Dry eye disease (DED) is common in people with Parkinson’s disease, with more than 60% of patients reporting that they experience its symptoms, according to a recent meta-analysis.
Clinical signs of this disease, which include a lower rate of blinking, reduced corneal thickness, a lesser tear secretion, and a faster tear drying time, were also significantly more prevalent among Parkinson’s patients than healthy people.
While more work is needed to establish the relationship, these findings highlight a “need for healthcare providers to be vigilant regarding comorbid [co-occurring] DED and regularly offer DED screening and intervention for patients with [Parkinson’s],” the researchers wrote.
The study, “Prevalence and characteristics of dry eye disease in Parkinson’s disease: a systematic review and meta‑analysis,” was published in Scientific Reports.
Significant differences seen in tear secretion, corneal thickness
Parkinson’s is driven by the degeneration of dopamine-producing nerve cells in the brain. The loss of dopamine, a signaling molecule, leads to the disease’s characteristic motor symptoms, as well as a range of non-motor symptoms.
Various eye problems, including poorer visual acuity, difficulties with color perception, and a slower blinking rate, are often among those non-motor symptoms.
Dry eye disease, which occurs when the eyes are not sufficiently moistened by tears, can lead to chronically dry eyes that cause discomfort and risk vision loss, significantly disrupting daily life.
It’s estimated that DED’s prevalence in Parkinson’s is between 53% and 60%, but the relationship is not well studied.
“Due to insufficient reports on the … occurrence of DED in patients with [Parkinson’s], initiatives to establish a multidisciplinary care system, wherein regular ocular examinations and DED screening are incorporated within the routine management of [Parkinson’s], are limited,” the researchers wrote.
Delays in diagnosing dry eye disease can lead to severe and potentially permanent impairments in vision, they added.
Researchers in Japan conducted a systematic review of published studies to better understand the prevalence of DED in Parkinson’s.
Their analysis included 13 studies published from 2004 to 2022, which collectively involved 1,519 Parkinson’s patients and 639 people without the neurodegenerative disease, serving as healthy controls.
Five of these studies reported the subjective prevalence of DED in Parkinson’s patients. While findings were variable among them, 61.1% of patients overall — 667 of 1,061 people — reported experiencing dry eyes.
Subset analyses also compared the prevalence of clinical signs of DED in Parkinson’s patients versus healthy controls.
Across six studies, Parkinson’s patients (230 people) had a significantly lower blink rate — associated with eye dryness — than did 217 healthy people, results showed.
A need for vigilance in checking for, treating dry eye disease
Corneal thinning, a thinning of the transparent layer covering the front of the eye, can result from DED. Three of the studies, covering 199 people with Parkinson’s and 144 people without it, showed significantly thinner corneas in patients than controls.

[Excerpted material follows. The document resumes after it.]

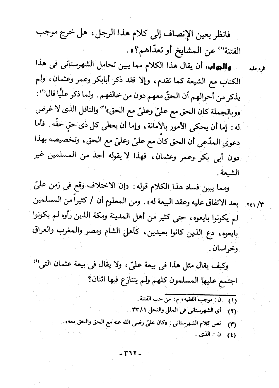 (¬3) نَصُّ كَلَامِ الشَّهْرَسْتَانِيِّ كَانَ عَلِيٌّ - رَضِيَ اللَّهُ عَنْهُ - مَعَ الْحَقِّ وَالْحَقُّ مَعَهُ.
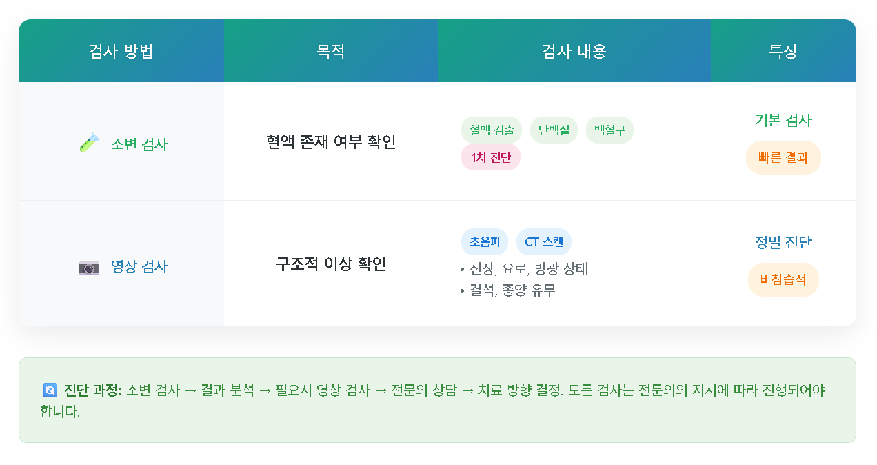 소변 검사 결과에 따라 추가적인 검사(초음파, CT 스캔 등)가 필요할 수 있습니다. 이는 혈뇨의 원인을 더욱 구체적으로 확인하고, 적절한 치료 방법을 결정하는 데 도움을 줍니다. 따라서, 혈뇨가 확인된 경우 전문의의 조언에 따라 검사를 진행해야 합니다.

Parkinson’s patients relative to controls also showed a significantly faster drying of the eye’s surface after blinking in seven studies, and lower tear secretion in six studies, the researchers reported. The low rate of tear production reached significance when analyzed with patients under anesthesia.
To address variability across studies in terms of blink rate and drying of the eye’s surface, the results were analyzed in patients grouped by Parkinson’s severity, as assessed by the Hoehn and Yahr Scale. Findings were not different across these subgroups.
“Our findings emphasize the need for clinicians to be vigilant of the presence of DED when managing patients with [Parkinson’s] and to appropriately adjust the threshold for monitoring and early intervention in these high-risk populations,” the researchers wrote.
Due to a large amount of variability across the studies analyzed, however, these results should be “interpreted cautiously,” the scientists noted. Sources of this variability could include patient demographics, sample sizes, and medication influences.
More work, including “future large-scale studies,” is needed to understand the mechanisms that underly dry eye disease in Parkinson’s and whether Parkinson’s treatments affect eye symptoms.